══ Recorded information

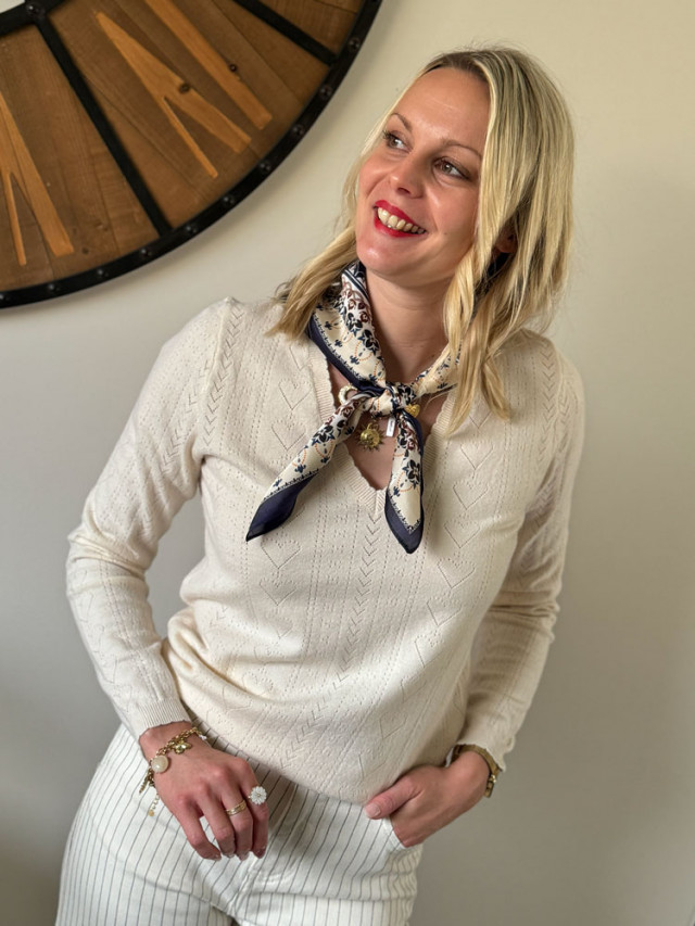 Succombez au charme de ce pull fin pour femme, une pièce délicate qui allie confort et style. Sa maille fantaisie unique apporte une touche de texture et de transparence subtile à vos tenues. Idéal pour la mi-saison ou pour superposer vos looks, ce pull est l'indispensable d'un vestiaire chic et décontracté.
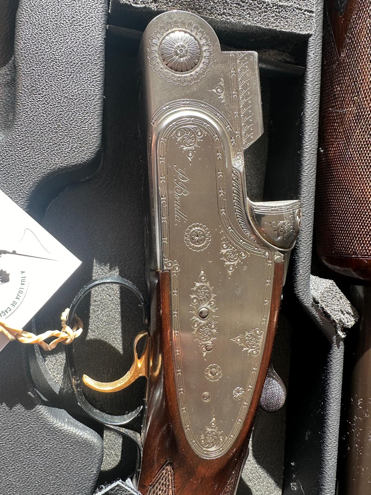 Espingarda de cano duplo com acabamento em madeira e aço decorado dentro de mala acolchoada.
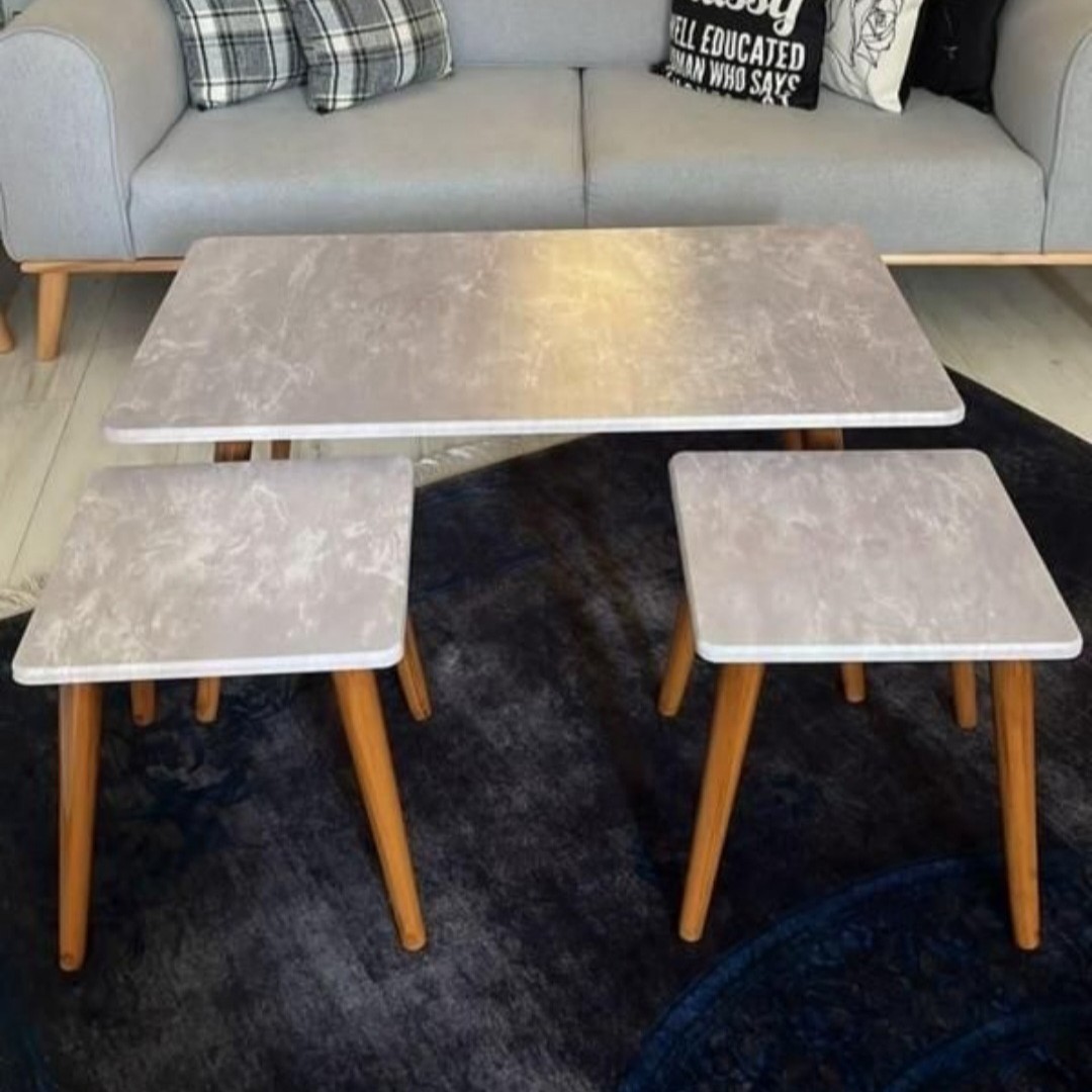 یک میز با سه عدد عسلی صفحه وکیوم ضد خش پایه ها بازشو ارسال بصورت بسته بندی با کارتن یا مشمای حبابدار دارای رنگ بندی

════

• What is needed: The result should be the full listing, retyped exactly and free of pictures.

• Task result:
 Succombez au charme de ce pull fin pour femme, une pièce délicate qui allie confort et style. Sa maille fantaisie unique apporte une touche de texture et de transparence subtile à vos tenues. Idéal pour la mi-saison ou pour superposer vos looks, ce pull est l'indispensable d'un vestiaire chic et décontracté.
 Espingarda de cano duplo com acabamento em madeira e aço decorado dentro de mala acolchoada.
 یک میز با سه عدد عسلی صفحه وکیوم ضد خش پایه ها بازشو ارسال بصورت بسته بندی با کارتن یا مشمای حبابدار دارای رنگ بندی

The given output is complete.